» SUPPLIED RECORDS
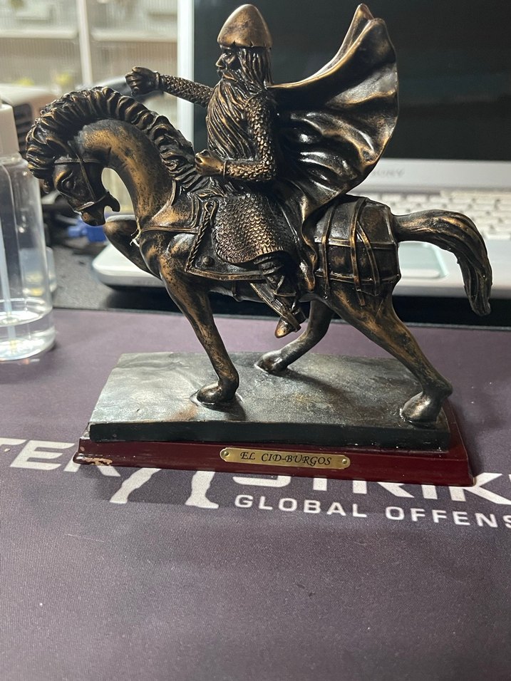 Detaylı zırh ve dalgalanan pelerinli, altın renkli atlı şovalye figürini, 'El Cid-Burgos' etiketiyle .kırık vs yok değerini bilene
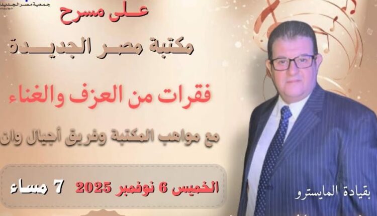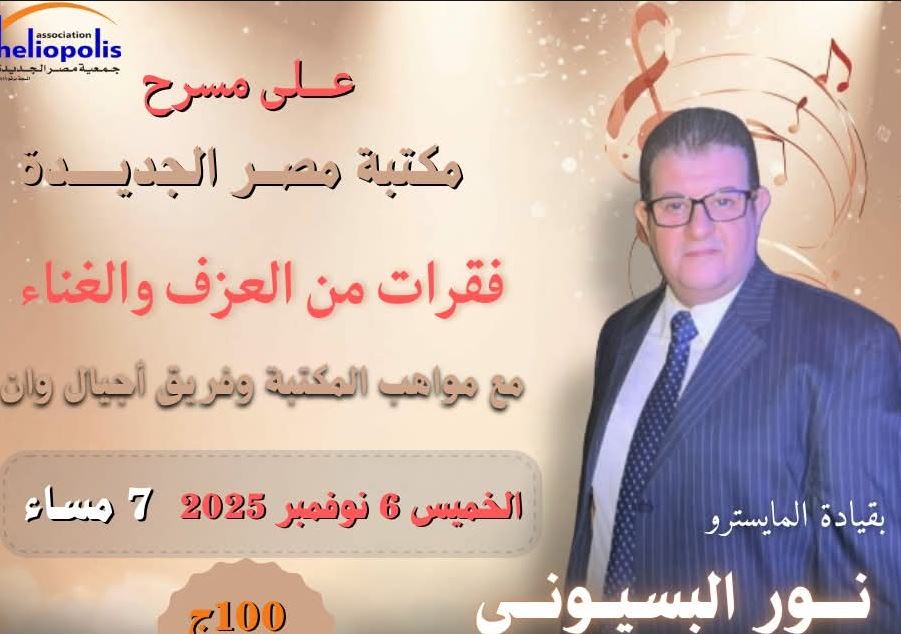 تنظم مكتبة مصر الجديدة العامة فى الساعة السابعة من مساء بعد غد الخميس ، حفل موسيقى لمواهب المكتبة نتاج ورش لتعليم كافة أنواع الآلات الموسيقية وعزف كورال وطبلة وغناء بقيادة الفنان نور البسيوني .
==
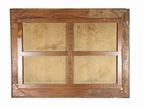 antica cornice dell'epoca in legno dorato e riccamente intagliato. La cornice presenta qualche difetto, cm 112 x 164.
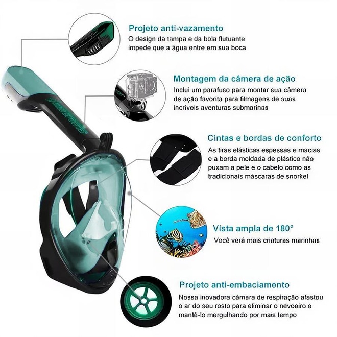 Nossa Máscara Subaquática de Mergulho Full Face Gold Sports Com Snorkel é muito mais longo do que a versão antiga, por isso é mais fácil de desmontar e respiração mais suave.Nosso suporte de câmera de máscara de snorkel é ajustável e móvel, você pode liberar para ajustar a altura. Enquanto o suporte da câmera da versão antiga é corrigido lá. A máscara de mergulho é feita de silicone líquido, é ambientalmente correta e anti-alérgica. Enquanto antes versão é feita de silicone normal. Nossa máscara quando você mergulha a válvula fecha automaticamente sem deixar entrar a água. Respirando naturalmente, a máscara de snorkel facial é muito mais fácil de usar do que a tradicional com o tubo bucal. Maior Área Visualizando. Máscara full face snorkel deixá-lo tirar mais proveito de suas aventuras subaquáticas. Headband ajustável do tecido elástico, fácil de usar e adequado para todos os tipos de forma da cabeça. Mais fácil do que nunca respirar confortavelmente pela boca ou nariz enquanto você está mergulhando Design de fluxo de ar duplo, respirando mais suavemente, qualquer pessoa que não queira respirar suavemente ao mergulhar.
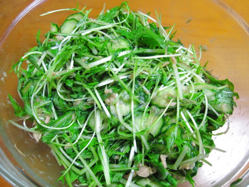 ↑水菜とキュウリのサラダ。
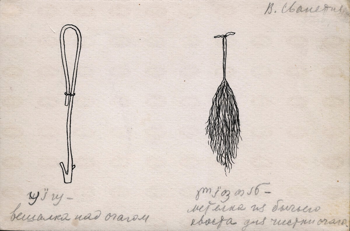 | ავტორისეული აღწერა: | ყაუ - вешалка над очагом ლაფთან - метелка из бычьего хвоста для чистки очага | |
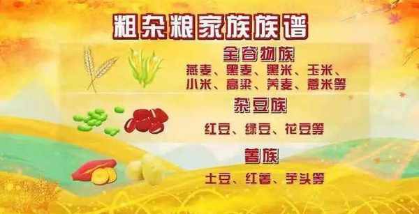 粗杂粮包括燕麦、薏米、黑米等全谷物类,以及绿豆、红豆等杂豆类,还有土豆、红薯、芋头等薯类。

» EXERCISE DIRECTIONS
The lines above from the line with "Detaylı zırh ve" through the line with "تنظم مكتبة مصر" are to be given again word for word, with no pictures among them.

» ANSWER
 Detaylı zırh ve dalgalanan pelerinli, altın renkli atlı şovalye figürini, 'El Cid-Burgos' etiketiyle .kırık vs yok değerini bilene
 تنظم مكتبة مصر الجديدة العامة فى الساعة السابعة من مساء بعد غد الخميس ، حفل موسيقى لمواهب المكتبة نتاج ورش لتعليم كافة أنواع الآلات الموسيقية وعزف كورال وطبلة وغناء بقيادة الفنان نور البسيوني .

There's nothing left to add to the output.